Re: [PATCH] blk-mq: fix lockdep warning in __blk_mq_update_nr_hw_queues

[Date Prev][Date Next][Thread Prev][Thread Next][Date Index][Thread Index]

 



Hi,

在 2025/08/15 15:56, Ming Lei 写道:
Commit 5989bfe6ac6b ("block: restore two stage elevator switch while
running nr_hw_queue update") reintroduced a lockdep warning by calling
blk_mq_freeze_queue_nomemsave() before switching the I/O scheduler.

The function blk_mq_elv_switch_none() calls elevator_change_done().
Running this while the queue is frozen causes a lockdep warning.

Fix this by reordering the operations: first, switch the I/O scheduler
to 'none', and then freeze the queue. This ensures that elevator_change_done()
is not called on an already frozen queue. And this way is safe because
elevator_set_none() does freeze queue before switching to none.

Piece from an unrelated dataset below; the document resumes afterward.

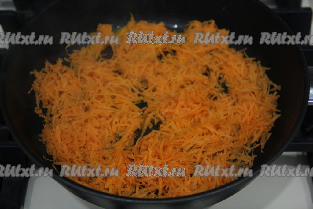 Морковь натереть на мелкой тёрке и обжарить на растительном масле на среднем огне, помешивая, до золотистого цвета.
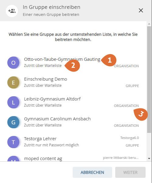 - Enrollment with waiting list: Users can enroll in the organization/group on their own and will be placed on a waiting list. An administrator must then confirm the enrollment.

Also we still have to rely on blk_mq_elv_switch_back() for switching
back, and it has to cover unfrozen queue case.

Cc: Nilay Shroff <nilay@xxxxxxxxxxxxx>
Cc: Yu Kuai <yukuai3@xxxxxxxxxx>
Fixes: 5989bfe6ac6b ("block: restore two stage elevator switch while running nr_hw_queue update")
Signed-off-by: Ming Lei <ming.lei@xxxxxxxxxx>
---
  block/blk-mq.c   | 13 +++++++------
  block/blk.h      |  2 +-
  block/elevator.c | 12 +++++++++---
  3 files changed, 17 insertions(+), 10 deletions(-)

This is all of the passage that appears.